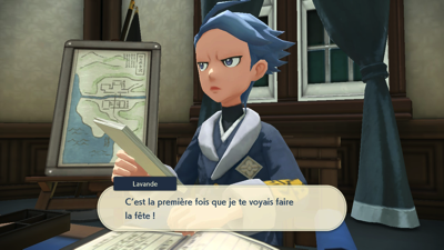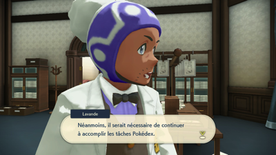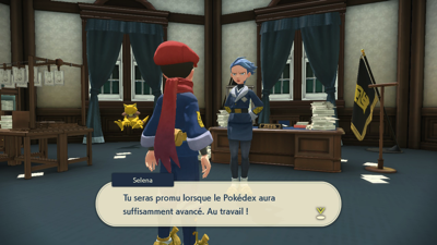 Après vous avoir demandé si vous vous êtes bien amusé à la fête, Selena et le Professeur vous parlent de l'avancement de votre Pokédex.
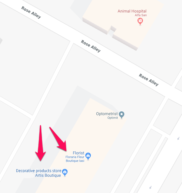 They both have the same address, one of them has contact information and photos, while the other has nothing. The explanation, in this case, is simple. At this specific address was Artis Boutique, then they moved and another florist took its place: Fleur Boutique.
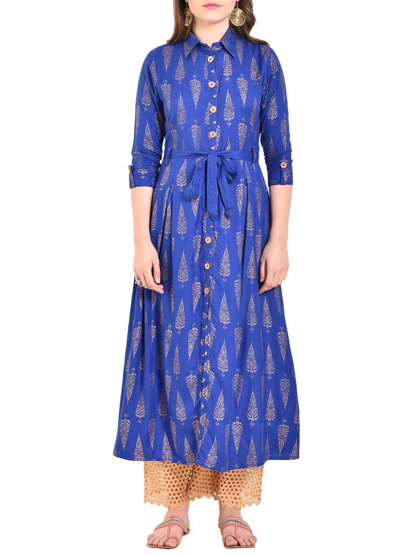 foil print a-line kurta with self fabric belt

[BRIEF]: The answer should consist only of the lines from the line with "They both have" through the last line of the data, repeated exactly; pictures stay out.

[RESPONSE TO THE EXERCISE]:
 They both have the same address, one of them has contact information and photos, while the other has nothing. The explanation, in this case, is simple. At this specific address was Artis Boutique, then they moved and another florist took its place: Fleur Boutique.
 foil print a-line kurta with self fabric belt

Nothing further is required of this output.